■ **Directions**:
Restate the following records word for word without images.

Stored records
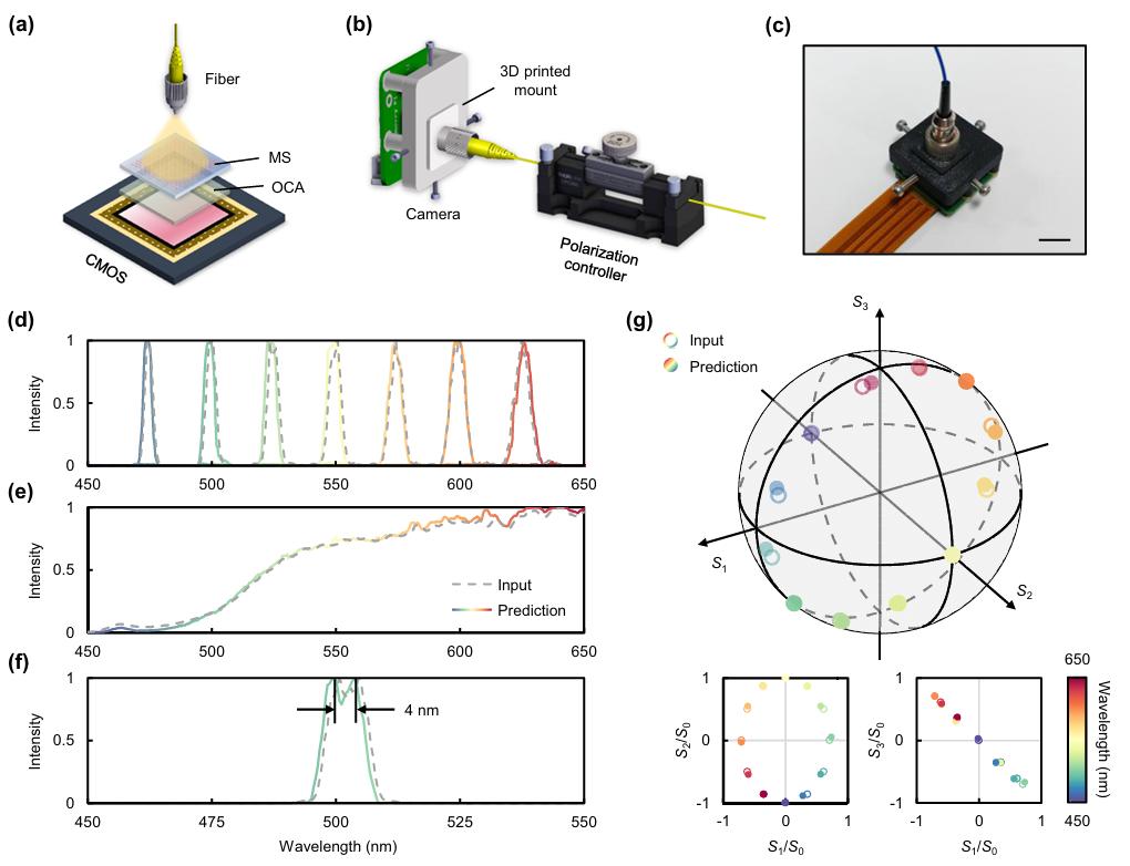该系统通过超构表面对波长与偏振依赖的相位调制,将光信息编码为空间光强分布,再经神经网络解码,单次拍摄即可同时高精度还原光谱与全斯托克斯偏振参数。实验验证,该器件在近红外波段实现宽带高保真探测。为进一步验证其实用性,团队将超表面编码器集成在商用CMOS图像传感器像素阵列上,制作出芯片级集成传感器原型。整个传感器尺寸与普通成像芯片相当,无需任何移动部件或分立光学元件,实现了单次拍摄、多维信息获取。
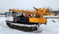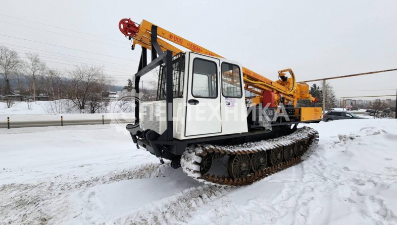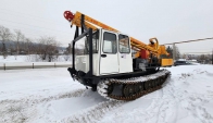 Трактор специального назначения ТСН-4 оснащён одноместной кабиной, бульдозерным отвалом и навесным буровым оборудованием УРБ-2Д3.
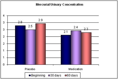 There was no statistically significant difference between average Hg urinary concentration values between the groups, not even between the rate standard deviations (p>0.05). However, there is evidence of increased Hg urinary excretion in the medication group around the 30thday of treatment, a tendency which decreased subsequently.
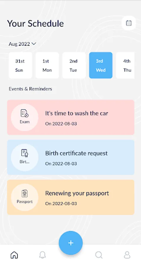 ذكِّرني Application will be used mainly as a reminder for the important events and dates for user and his family and pets as well, User also can add personal events and define when he will be reminded.
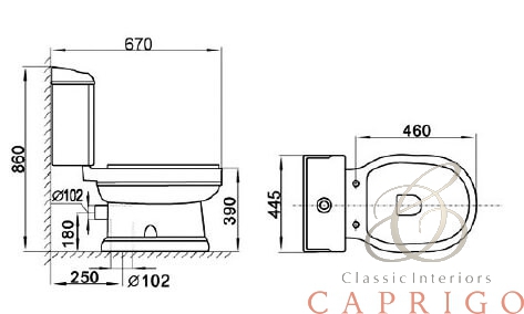 | Комплект | унитаз-компакт, комплект креплений, кнопка двойного слива(золото), сиденье |

■ **Final answer**:
该系统通过超构表面对波长与偏振依赖的相位调制,将光信息编码为空间光强分布,再经神经网络解码,单次拍摄即可同时高精度还原光谱与全斯托克斯偏振参数。实验验证,该器件在近红外波段实现宽带高保真探测。为进一步验证其实用性,团队将超表面编码器集成在商用CMOS图像传感器像素阵列上,制作出芯片级集成传感器原型。整个传感器尺寸与普通成像芯片相当,无需任何移动部件或分立光学元件,实现了单次拍摄、多维信息获取。
 Трактор специального назначения ТСН-4 оснащён одноместной кабиной, бульдозерным отвалом и навесным буровым оборудованием УРБ-2Д3.
 There was no statistically significant difference between average Hg urinary concentration values between the groups, not even between the rate standard deviations (p>0.05). However, there is evidence of increased Hg urinary excretion in the medication group around the 30thday of treatment, a tendency which decreased subsequently.
 ذكِّرني Application will be used mainly as a reminder for the important events and dates for user and his family and pets as well, User also can add personal events and define when he will be reminded.
 | Комплект | унитаз-компакт, комплект креплений, кнопка двойного слива(золото), сиденье |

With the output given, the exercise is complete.